[Start of Attachment]

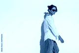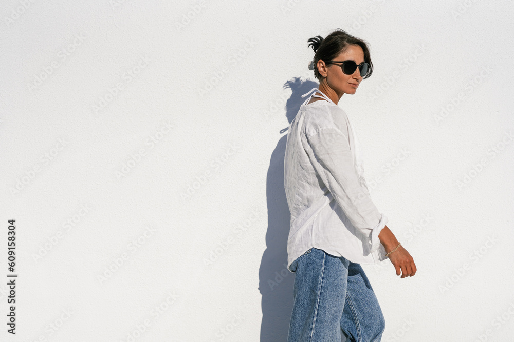 brunette girl in glasses in a white swimsuit and blue jeans against a white wall
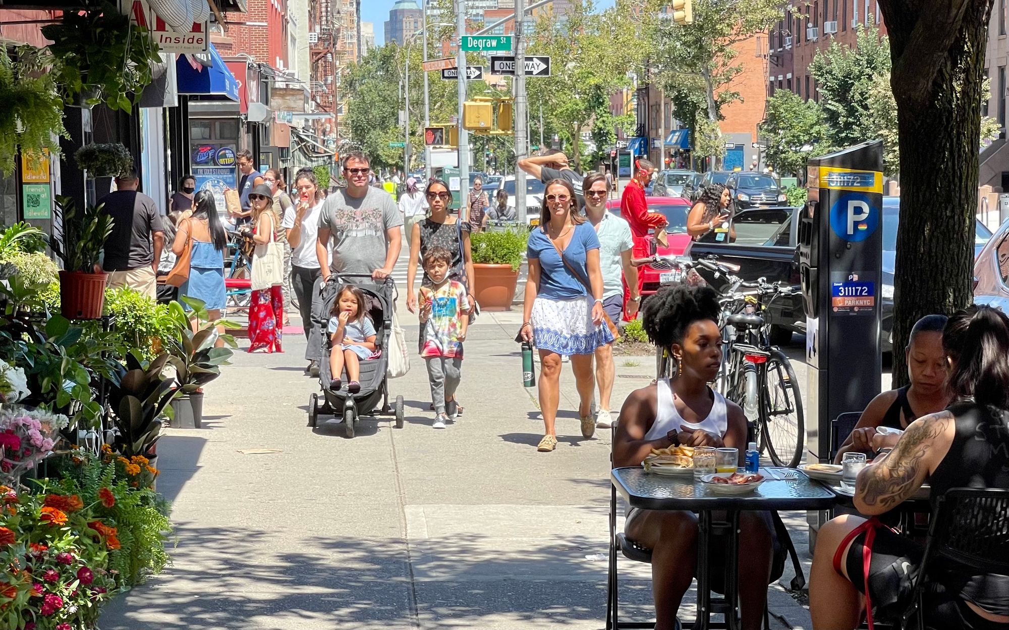The second step is to soften the overall feel of the street so that traffic speeds and volume do not squelch, but rather enhance, social life. Traffic calming improvements, shared streets, streets closed to traffic, and/or intersections made more safe for all users are important tools to make sidewalks and our communities better public spaces. They are not ends in themselves.
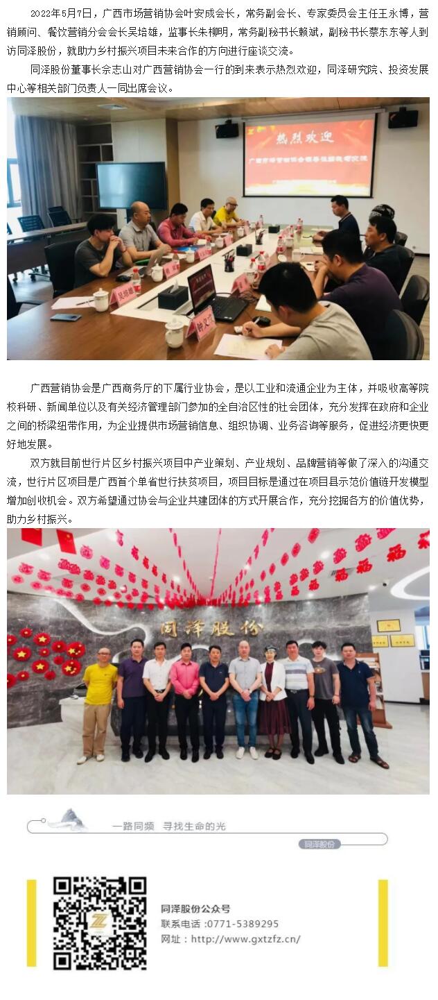 助力鄉(xiāng)村振興,共謀行業(yè)發(fā)展- 廣西市場(chǎng)營(yíng)銷協(xié)會(huì)到訪同澤股份

[End of Attachment]

■ **WORK TASK**
Transcribe all data precisely. Pictures are not copied.

■ **EXERCISE RESPONSE**
 brunette girl in glasses in a white swimsuit and blue jeans against a white wall
The second step is to soften the overall feel of the street so that traffic speeds and volume do not squelch, but rather enhance, social life. Traffic calming improvements, shared streets, streets closed to traffic, and/or intersections made more safe for all users are important tools to make sidewalks and our communities better public spaces. They are not ends in themselves.
 助力鄉(xiāng)村振興,共謀行業(yè)發(fā)展- 廣西市場(chǎng)營(yíng)銷協(xié)會(huì)到訪同澤股份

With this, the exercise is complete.